Adjunto una imagen simple del circuito:




La duda es que añadir al extremo para que la onda sea más senoidal sin tener que recurrir a un inversor con una modulación más compleja. No sé hallar una manera de calcular un filtro para ahí, si disponéis de alguna idea o buena bibliografía sería de gran ayuda.


Gracias, Un saludo!!!


----------



## Daniel Lopes (Ene 1, 2020)

Hola caro Don afconde , debes buscar por un filtro passa bajos tipo "LC" configuración tipo "L".
Lo inductor si queda en serie con la salida del inversor y lo capacitor en paralelo con la carga.
La frequenzia de corte debe seber ligeramente despues de la frequenzia de trabajo (creo que 60Hz es lo suficiente).
Mire aca : Low Pass Filter Calculator - ElectronicBase
!Suerte en los desahollos!.
Att,
Daniel Lopes.


----------



## Scooter (Ene 1, 2020)

Con "lo que sea" mejorará la onda...

¿Para que potencia lo quieres? no es lo mismo 1mW que  1kW

En principio lo que necesitas es un pasa bajos.


----------



## DOSMETROS (Ene 1, 2020)

El transistor que puso en el diagrama es de 1 A , 2 A pulsados . . .


----------



## hazard_1998 (Ene 1, 2020)

Scooter dijo:


> Con "lo que sea" mejorará la onda...
> 
> ¿Para que potencia lo quieres? no es lo mismo 1mW que  1kW
> 
> En principio lo que necesitas es un pasa bajos.

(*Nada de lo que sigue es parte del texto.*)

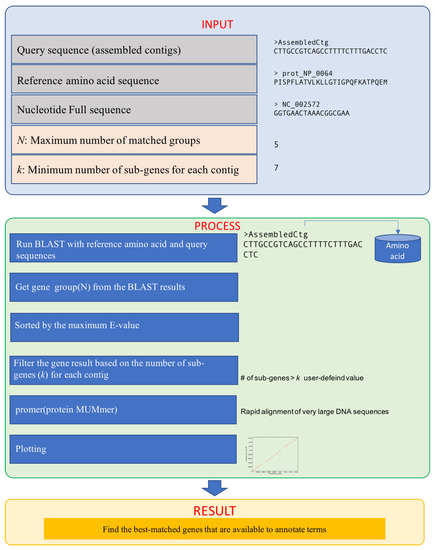 Whenever an analysis request is inputted, a new individual ID is assigned and a job space is provided to perform the task. First, BLAST is performed with the reference model, in which the inputted assembled query contigs are compared with the amino acid reference sequences. Grouping is done based on a comparison of the start and end positions matched with a comparison of the inputted user-defined values after performing BLAST, thereby selecting only as many groups as inputted value for the maximum number of groups. The selected groups are then ordered based on the E-value of BLAST in ascending order. After BLAST and the grouping comparison, an alignment is done based on the number of matched sub-genes in each of the queries in descending order. Here, filtering and naming of the query sequence are conducted only when the number of sub-genes is larger than the inputted value for the minimum number of sub-genes k, and gene information is provided. The whole process for obtaining the results is explained in Figure 4.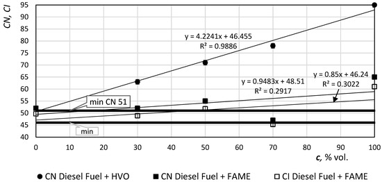 Figure 11 shows the increasing trend lines of the cetane number and cetane index with increasing HVO content. The cetane number of hydrotreated vegetable oils ranges from 75 to 95 units due to the composition (n-paraffins and isoparaffins). In mixed fuels, there is a linear increase in the cetane number, corresponding to the proportion of components. Hydrotreated oil is a suitable additive for increasing the cetane number due to the nature of the fuel, where its effect is greater than the use of conventional additives. For measuring the cetane number on the test engine, the hydrotreated oil must be mixed with a fuel with a known and low cetane number, such that the cetane number of the resulting mixture is below 70 units within the measuring range. Then, the cetane number of the hydrotreated vegetable oil is determined by linear extrapolation. The calculation of the cetane index is suitable for standard diesel fuels (with FAME) and its use for hydrotreated oils is not appropriate.

El problema.. es que haran los transistores con la energia reactiva del filtro...


----------



## DOSMETROS (Ene 1, 2020)

hazard_1998 dijo:


> El problema.. es que haran los transistores con la energia reactiva del filtro...


 
¿ Calor ? ¿ Sobretensiones ?  🔫


----------



## Scooter (Ene 1, 2020)

Pues eso, si es para 1W vale lo que sea, si son varios kW la cosa se pone tensa.


----------



## afconde (Ene 1, 2020)

Voy a ir poco a poco:
Estoy consultando bibliografía, que creo es bastante mala, pero he visto algún esquema, teórico de inversores push-pull a cuyo extremo habría una carga con parte capacitiva, resistiva e inductiva, pero cómo es casi típico, apenas sale representado como una caja que contendría el supuesto circuito con R L y C. Entonces mi supusición más razonable era pensar que con bobinas y condensadores se estaría haciendo un filtro para intentar quedarse con algún armónico concreto o se estará intentando lograr una senoidal. Y literalmente he pasado varias horas intentando estudiar por qué me es imposible de simular nada en general.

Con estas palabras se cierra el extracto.